Wherein I list some (mostly) recent happenings, ramble a bit, and provide links, in an order roughly determined by importance and relevance to particle physics. Views are my own. Content very definitely skewed by my own leanings and by papers getting coverage, and it may not even be correct. It is a blog after all...
- Protons circulated the LHC for the first time since long shutdown last Sunday! If you want to relive the day you can read backwards through the live blog. Beams circled both ways (first Beam 2 [anticlockwise] then Beam 1) at the injection energy of 450 GeV, after the collimators placed along the way were each opened up in turn. For ATLAS and CMS the collimators placed ~100m away created some spectacular beam splash events. Below are the first recorded splash events from CMS and from ATLAS.

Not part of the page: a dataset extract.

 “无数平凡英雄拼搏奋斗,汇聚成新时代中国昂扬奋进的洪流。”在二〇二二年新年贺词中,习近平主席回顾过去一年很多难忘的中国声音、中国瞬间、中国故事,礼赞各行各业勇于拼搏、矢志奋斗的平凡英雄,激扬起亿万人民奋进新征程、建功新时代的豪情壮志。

- An interesting observation which Strassler brought up, and I have noticed as well: there is much more talk about dark matter as a goal for LHC Run II, in lieu SUSY. The CERN press release wrote, "The Brout-Englert-Higgs mechanism, dark matter, antimatter and quark-gluon plasma are all on the menu for LHC season 2," and Nature wrote, "In 2012, more than two years after the machine first started up, LHC experiments found the long-awaited Higgs boson... The second run does not have such an obvious target. Instead, physicists will scour the data for signs of phenomena that do not fit with the standard model of particle physics in hopes of solving mysteries such as the origins of dark matter."

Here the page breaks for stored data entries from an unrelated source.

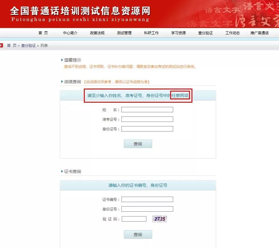 请至少输入你姓名、准考证号、身份证号中的任意两项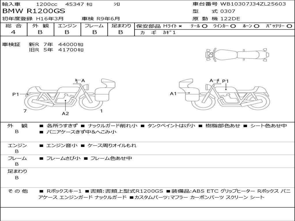 | Номер рамы / VIN | WB10307J34ZL25603 |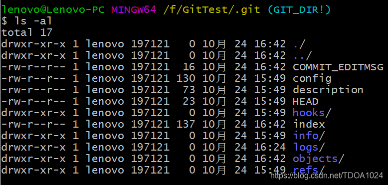 效果:在当前工作目录下创建了一个 .git 的文件夹,内容如下所示:

- On that (dark matter at the LHC) front, the arXiv awoke on Wednesday to a new mono-X, i.e. these-three-preprints discussing the mono-Z'. The salient processes are the three depicted in the below diagram (where the leptons could be replaced by jets, or a thin jet if the Z' is light and boosted), plus dark Higgs-strahlung.
It's a sensible thing to go and look for, and I'm surprised it's taken so long to be looked at in a general context... though obviously it was high time! Now inviting speculation on the next mono-X... mono-W'? mono-stoponium? neutrinoless mono-beta decay?